糖尿病は急速に、最も緊急性の高いグローバルな公衆衛生危機の一つになりつつあります。現在、世界中で5億4,000万人が糖尿病を患っており、その数は2045年までに7億8,300万人に増加すると予測されています。症例の90%以上はインスリン耐性とベータ細胞機能障害を含む2型糖尿病です。

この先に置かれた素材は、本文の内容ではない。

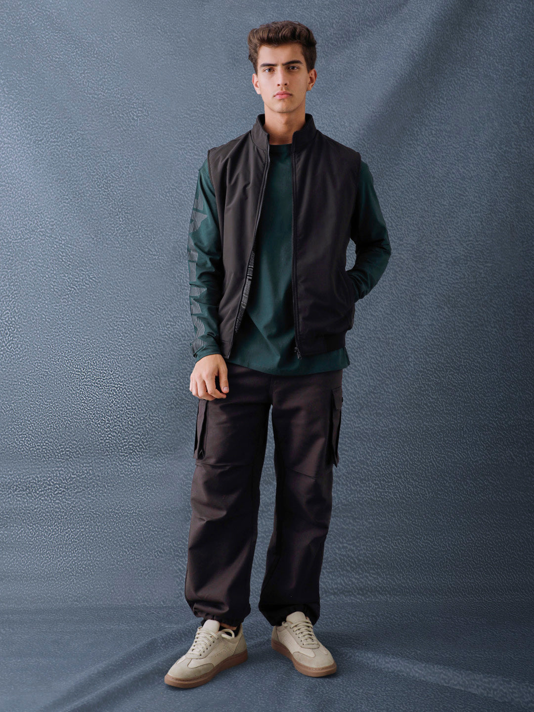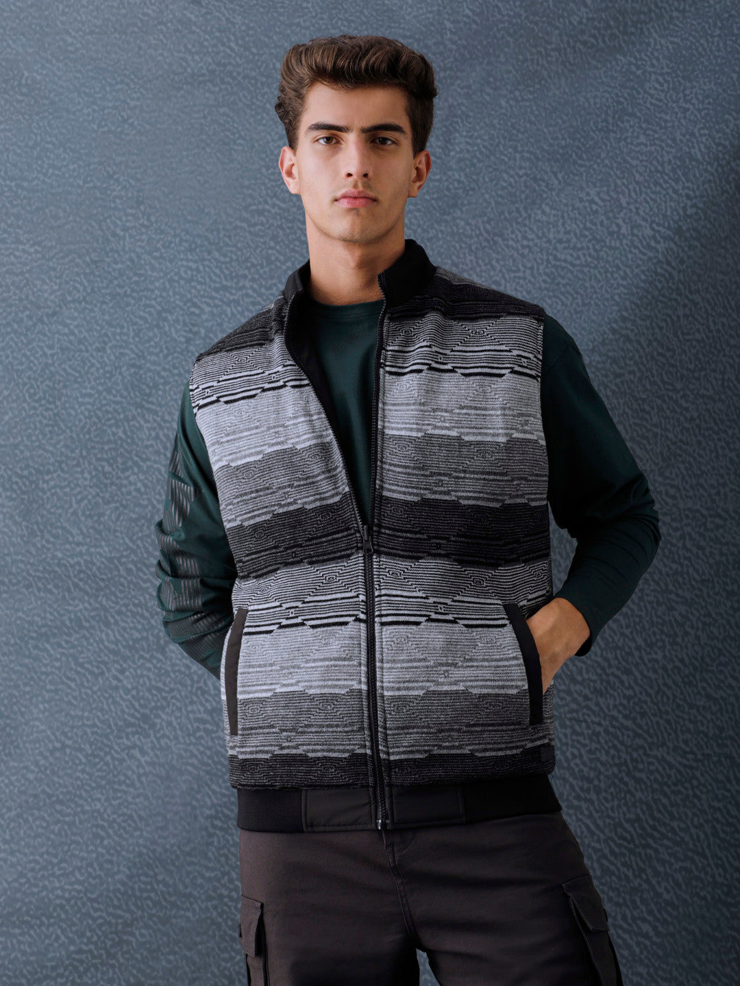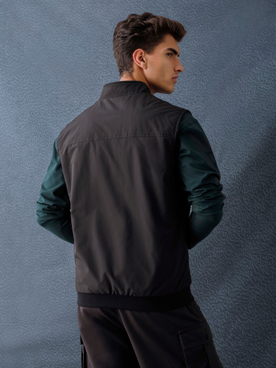 Men Regular Fit Black Grey Reversible Sleeveless Jacket

1型糖尿病(若年性糖尿病)は、膵臓のインスリンを産生するベータ細胞が破壊される自己免疫疾患であり、驚くべき速度で増加しています。2021年時点では世界中で800万人以上が1型糖尿病を患っており、2040年までにその数は1,700万人にまで増加すると予測されています

糖尿病は、放置していると複数の体組織に影響を及ぼす慢性合併症を引き起こす可能性があります。特に、網膜症、腎症、神経障害などの微小血管疾患や、心血管、脳血管、末梢血管疾患などの大血管疾患が含まれ、これらはすべて高い罹患率と死亡率を示しています。2021年、糖尿病および糖尿病に起因する腎臓病が世界中で200万人以上の死因となり、心血管疾患による死亡の約11%が高血糖に関連していました。

糖尿病研究における変化

1型糖尿病と2型糖尿病の両方を治療するための従来のアプローチには、血糖値の継続的なモニタリングと健康的なライフスタイルの維持が含まれます。1型糖尿病患者は、毎日の注射という形でインスリン補充を行わなければならず、2型の患者はメトホルミン、スルホニル尿素、DPP-4阻害薬などの経口薬を使用します。

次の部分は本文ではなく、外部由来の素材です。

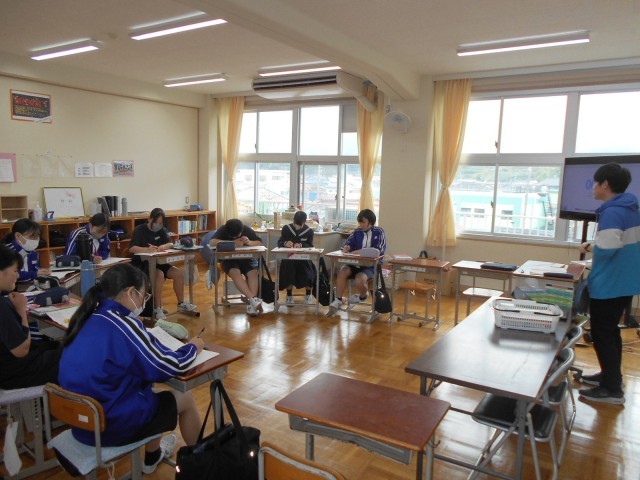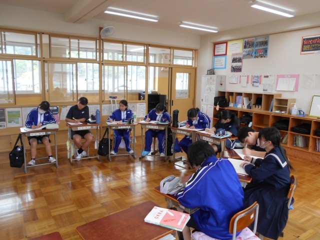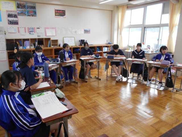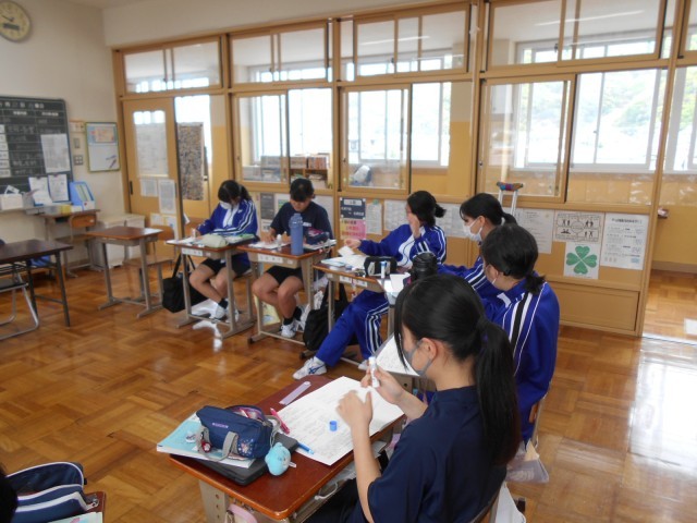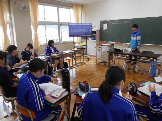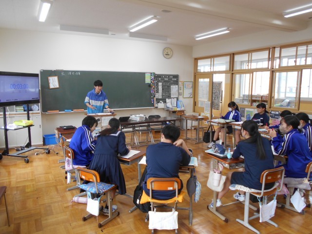 8年生は、数学の時間で文字を用いた計算について学んでいました。「2種類の文字があるとき、どのように分類したらいだろうか」という学習問題から、正四角柱の面積や体積などを求める式から、2種類の文字を用いる式について考えていました。

これらの疾患の有病率の増加と世界人口の高齢化に伴い、2型糖尿病の症例が増加すると予想され、より良い治療オプションの必要性が示されています。2022年、FDAは1型糖尿病の発症を遅らせるteplizumabを承認し、2型糖尿病に対しては、GLP-1受容体作動薬やSGLT-2阻害薬などの新薬が検討されています。

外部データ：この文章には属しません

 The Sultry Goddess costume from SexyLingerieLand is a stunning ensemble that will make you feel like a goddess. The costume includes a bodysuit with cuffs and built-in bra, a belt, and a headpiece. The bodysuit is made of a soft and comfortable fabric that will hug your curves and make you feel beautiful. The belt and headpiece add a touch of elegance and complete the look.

しかし、最近の飛躍的進歩により、1型糖尿病患者のインスリン分泌を回復させる膵島細胞療法が登場しました。2000年代初頭、幹細胞をインスリン産生細胞に分化させる試みが初めて成功し、2010年代には臨床試験が始まりました。ただし、1型糖尿病患者向けの最初の細胞療法であるLantidraのFDAによる承認は、2023年まで待たなければなりませんでした。それでも、最近の研究や試験では、幹細胞由来の膵島細胞が糖尿病患者のインスリン産生を回復させ、インスリンの注射の必要性を減らすか、あるいはなくす可能性があることも示されました。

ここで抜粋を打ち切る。